Segment Start: Data excerpts

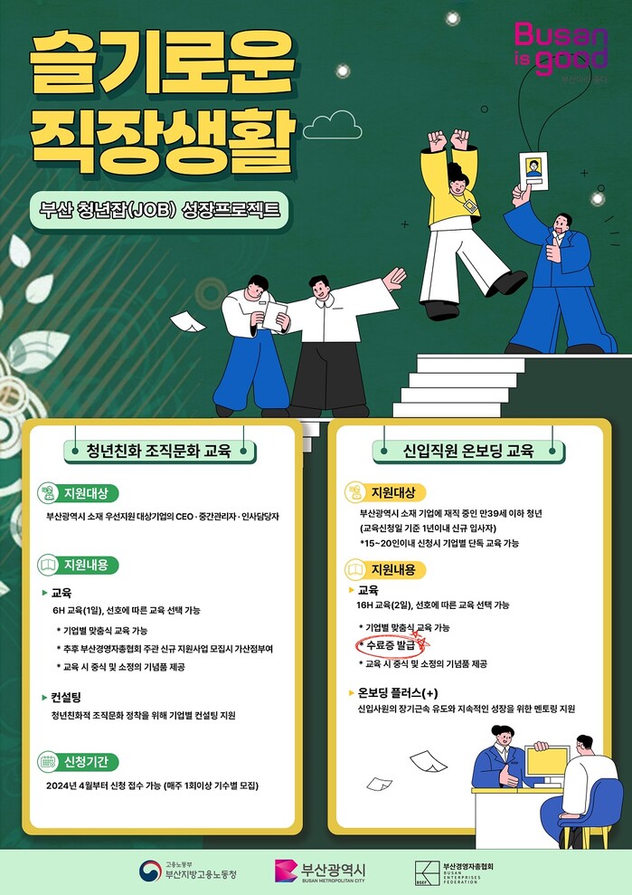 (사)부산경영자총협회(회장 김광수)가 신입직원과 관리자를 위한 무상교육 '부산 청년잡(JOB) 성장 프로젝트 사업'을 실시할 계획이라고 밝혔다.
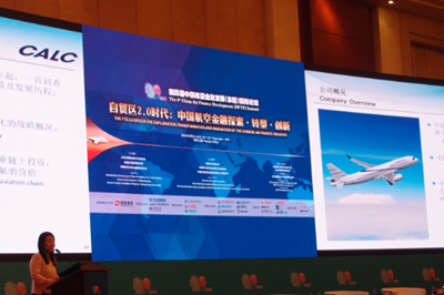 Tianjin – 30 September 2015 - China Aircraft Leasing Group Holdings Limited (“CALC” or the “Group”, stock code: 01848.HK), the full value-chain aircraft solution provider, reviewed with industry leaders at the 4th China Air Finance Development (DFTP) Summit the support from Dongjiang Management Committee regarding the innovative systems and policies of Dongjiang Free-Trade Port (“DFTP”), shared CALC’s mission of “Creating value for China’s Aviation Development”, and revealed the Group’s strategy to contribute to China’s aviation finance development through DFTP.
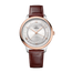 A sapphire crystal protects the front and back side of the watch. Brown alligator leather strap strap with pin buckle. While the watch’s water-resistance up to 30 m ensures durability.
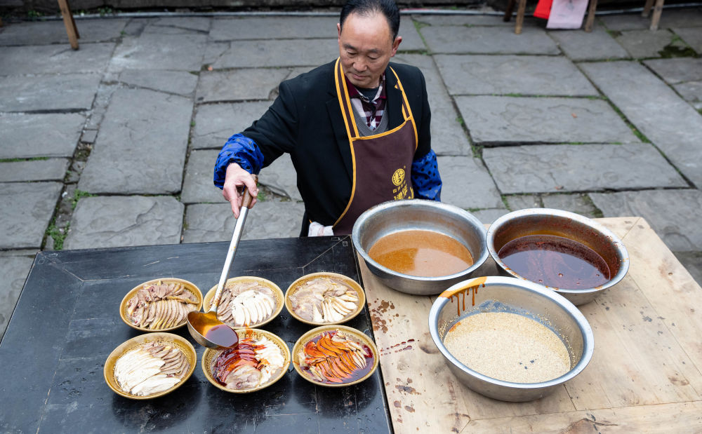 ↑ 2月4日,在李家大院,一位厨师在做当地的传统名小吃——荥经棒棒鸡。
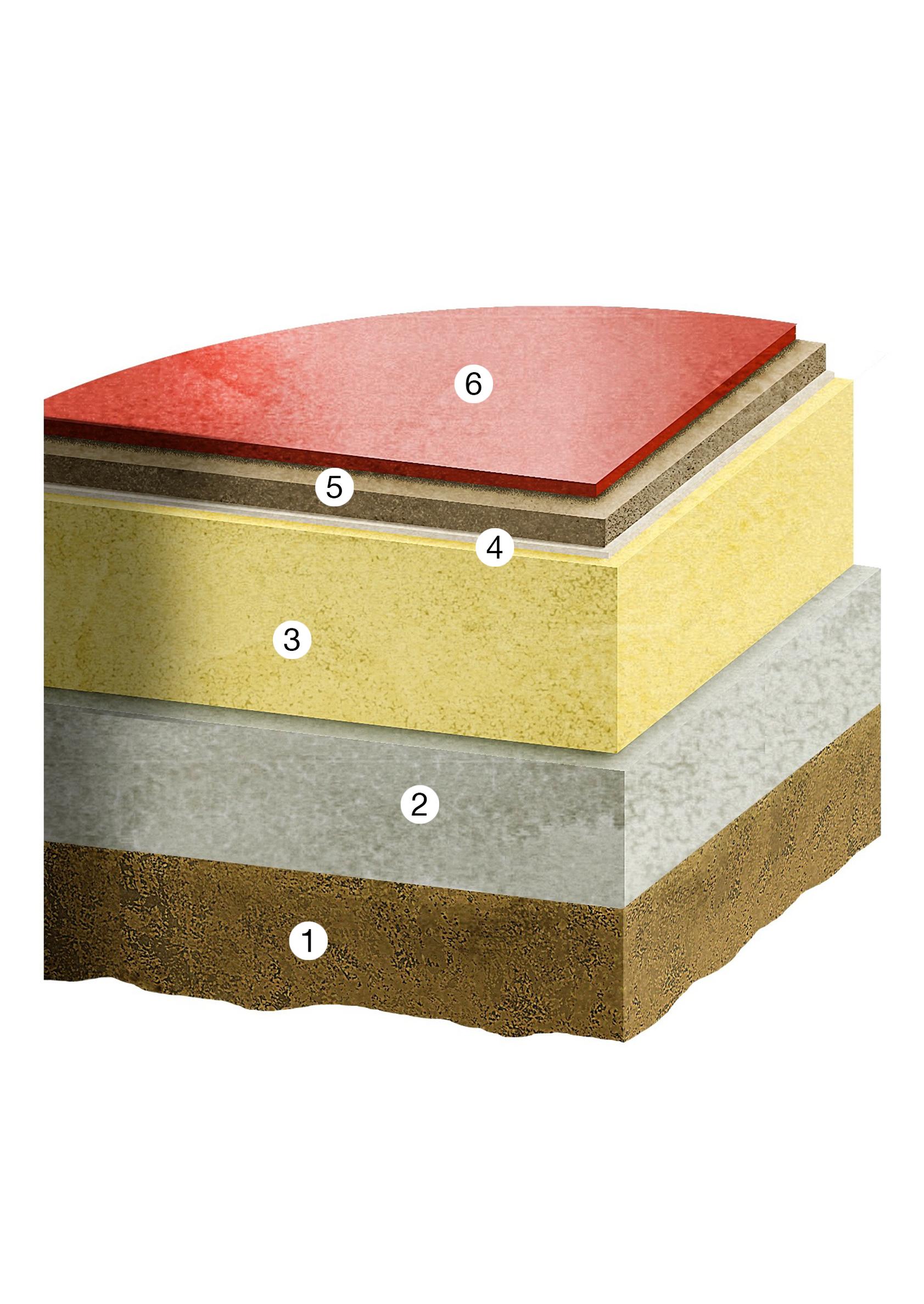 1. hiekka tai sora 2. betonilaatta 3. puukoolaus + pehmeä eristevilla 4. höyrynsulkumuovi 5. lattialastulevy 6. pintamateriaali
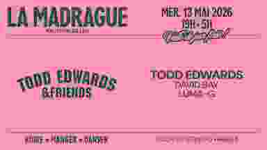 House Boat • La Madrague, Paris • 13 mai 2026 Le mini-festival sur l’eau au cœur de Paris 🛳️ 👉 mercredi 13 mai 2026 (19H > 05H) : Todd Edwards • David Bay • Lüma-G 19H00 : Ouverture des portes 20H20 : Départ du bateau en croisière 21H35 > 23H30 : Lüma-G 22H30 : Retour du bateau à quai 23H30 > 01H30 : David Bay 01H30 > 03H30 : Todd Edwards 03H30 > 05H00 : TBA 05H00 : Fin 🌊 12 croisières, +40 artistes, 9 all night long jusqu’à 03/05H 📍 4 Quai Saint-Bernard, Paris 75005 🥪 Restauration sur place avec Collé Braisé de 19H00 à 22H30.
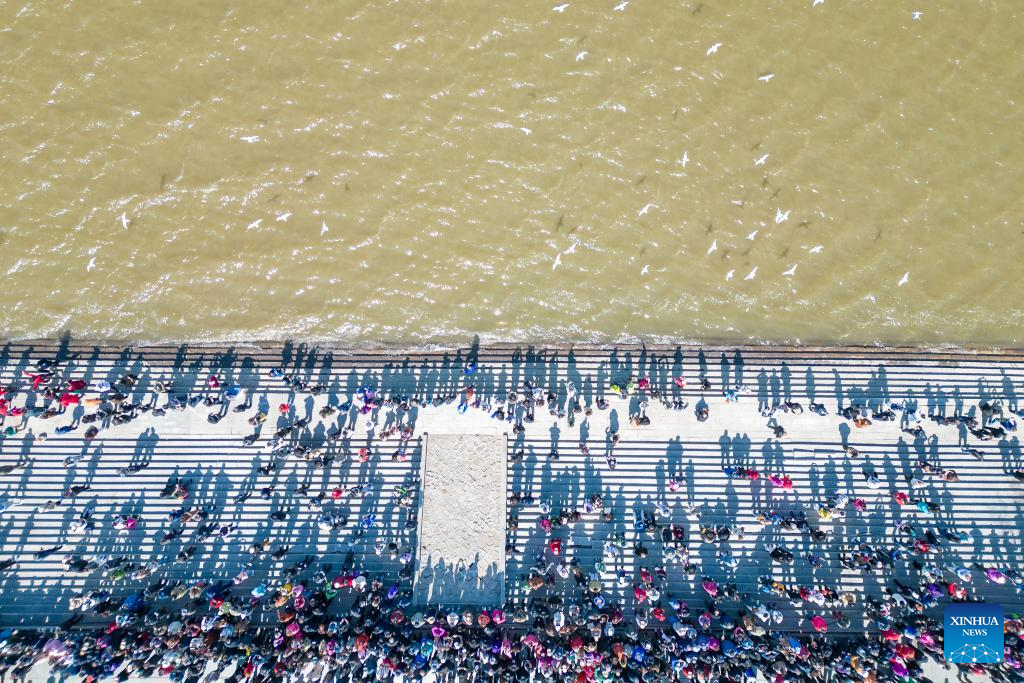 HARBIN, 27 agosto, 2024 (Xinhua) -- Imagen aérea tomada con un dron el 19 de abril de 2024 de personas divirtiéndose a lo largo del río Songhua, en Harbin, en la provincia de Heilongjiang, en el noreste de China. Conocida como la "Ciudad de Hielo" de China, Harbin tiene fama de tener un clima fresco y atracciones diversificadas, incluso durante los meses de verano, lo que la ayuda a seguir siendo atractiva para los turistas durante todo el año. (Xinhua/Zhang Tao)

Segment End: Data excerpts
Segment Start: Data excerpts

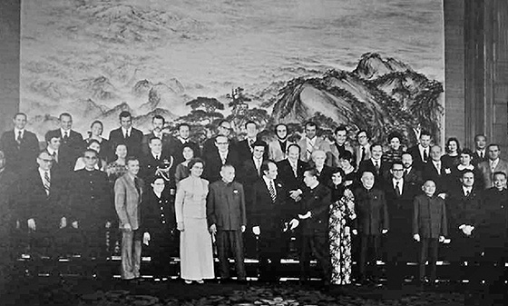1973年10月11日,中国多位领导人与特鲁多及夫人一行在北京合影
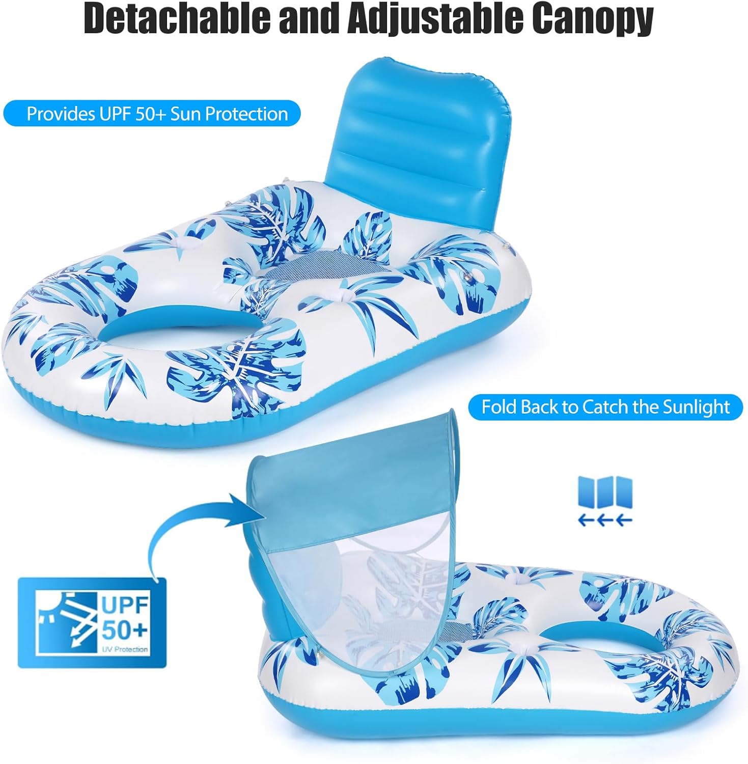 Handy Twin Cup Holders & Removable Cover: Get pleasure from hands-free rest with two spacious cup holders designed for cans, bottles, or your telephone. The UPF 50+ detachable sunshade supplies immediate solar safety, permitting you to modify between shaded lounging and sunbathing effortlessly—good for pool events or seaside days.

Segment End: Data excerpts
Segment Start: Data excerpts

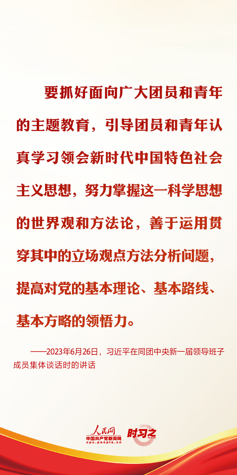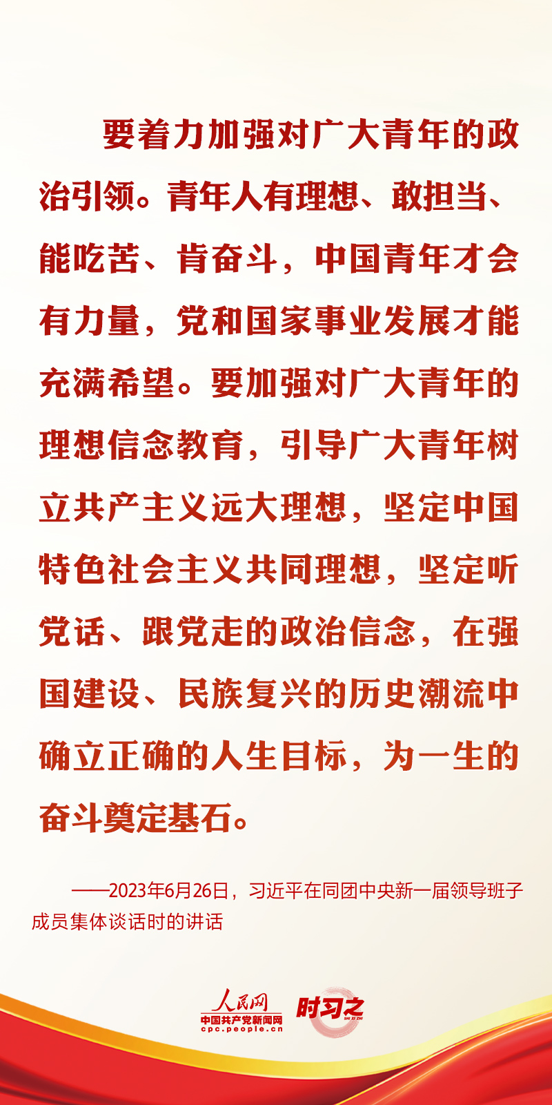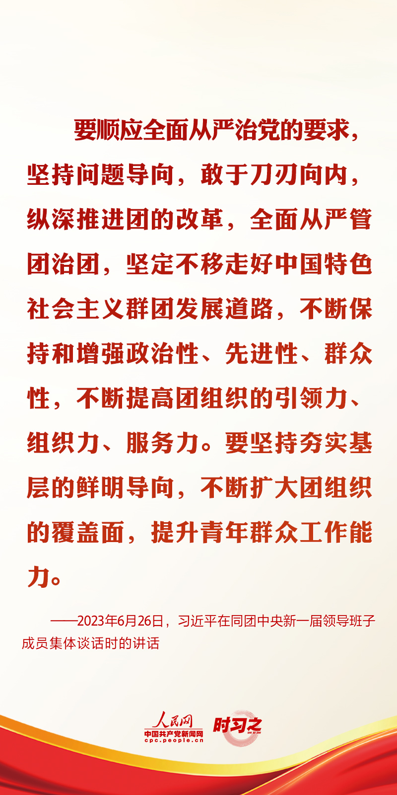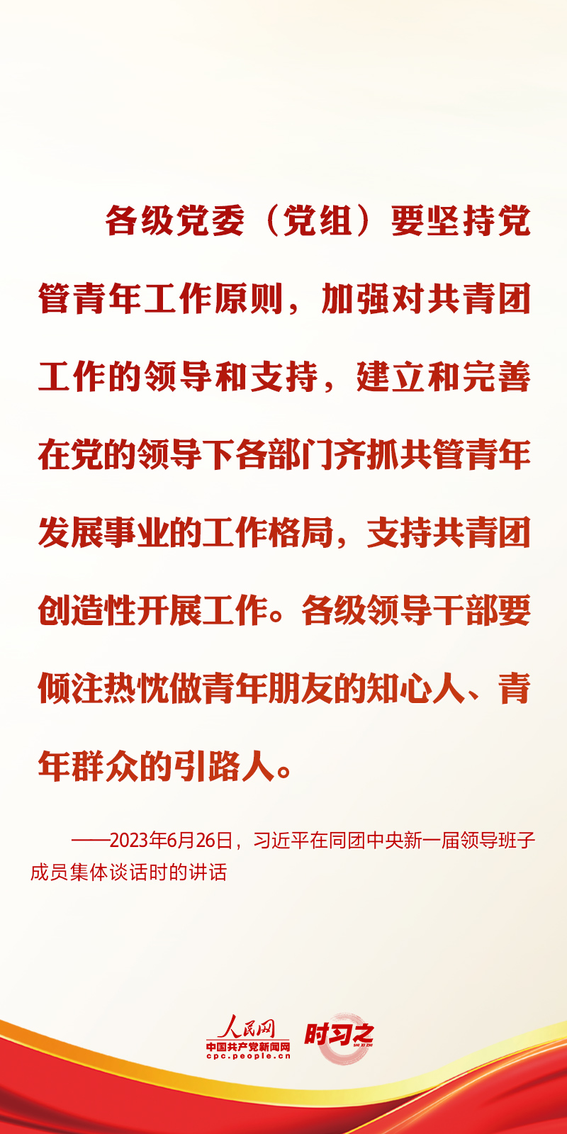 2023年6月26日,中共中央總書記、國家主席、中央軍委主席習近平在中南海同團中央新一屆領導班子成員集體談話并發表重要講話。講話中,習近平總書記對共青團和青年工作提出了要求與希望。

Segment End: Data excerpts

_Exercise requirements:_
Copy only this from above: the line containing "A sapphire crystal", the line containing "1. hiekka tai", and all lines between, printed exactly. Leave out the pictures.

_Result of the exercise:_
 A sapphire crystal protects the front and back side of the watch. Brown alligator leather strap strap with pin buckle. While the watch’s water-resistance up to 30 m ensures durability.
 ↑ 2月4日,在李家大院,一位厨师在做当地的传统名小吃——荥经棒棒鸡。
 1. hiekka tai sora 2. betonilaatta 3. puukoolaus + pehmeä eristevilla 4. höyrynsulkumuovi 5. lattialastulevy 6. pintamateriaali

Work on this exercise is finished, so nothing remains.